**YOUR INSTRUCTIONS**:
Exact copy, no pictures: return all the data below as written.

**SOURCE MATERIAL**:

[Start of Attachment]

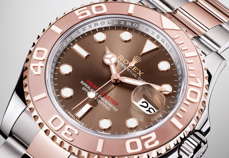 以往的游艇系列曾推出18K黄金、不锈钢及黄金、白金或永恒玫瑰金结合的铂金钢材质等等。2015年则推出破例採用18K永恆玫瑰金表壳及雾黑色Cerachrom表圈,搭配运动风浓厚的橡胶表带,呈现出不同于以往的视觉观感及佩戴感受。这款则是劳力士在隔年的新点子,将Yacht-Master 40变身为文质彬彬的绅士,表壳以永恆玫瑰金钢材质制成,表圈与链带的中间链节为18K永恆玫瑰金,中层表壳、表冠及链带的两侧链节则使用904L不锈钢。
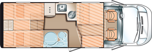 Of course the beds are equipped with high class matrasses, which guarantee a comfortable night. In the front area the motorhome is equipped with a folding down bed, which size is 140 Meters wide.
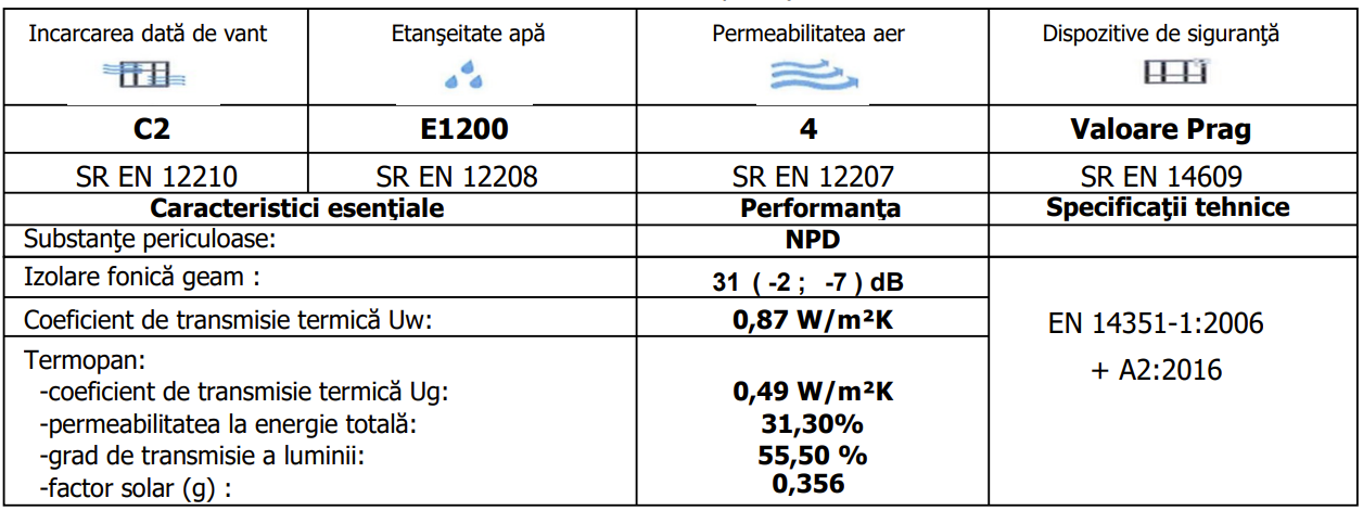 · Coeficient de transmisie termica Uw= 0.87 W/m2K

[End of Attachment]

**EXERCISE ANSWER**:
 以往的游艇系列曾推出18K黄金、不锈钢及黄金、白金或永恒玫瑰金结合的铂金钢材质等等。2015年则推出破例採用18K永恆玫瑰金表壳及雾黑色Cerachrom表圈,搭配运动风浓厚的橡胶表带,呈现出不同于以往的视觉观感及佩戴感受。这款则是劳力士在隔年的新点子,将Yacht-Master 40变身为文质彬彬的绅士,表壳以永恆玫瑰金钢材质制成,表圈与链带的中间链节为18K永恆玫瑰金,中层表壳、表冠及链带的两侧链节则使用904L不锈钢。
 Of course the beds are equipped with high class matrasses, which guarantee a comfortable night. In the front area the motorhome is equipped with a folding down bed, which size is 140 Meters wide.
 · Coeficient de transmisie termica Uw= 0.87 W/m2K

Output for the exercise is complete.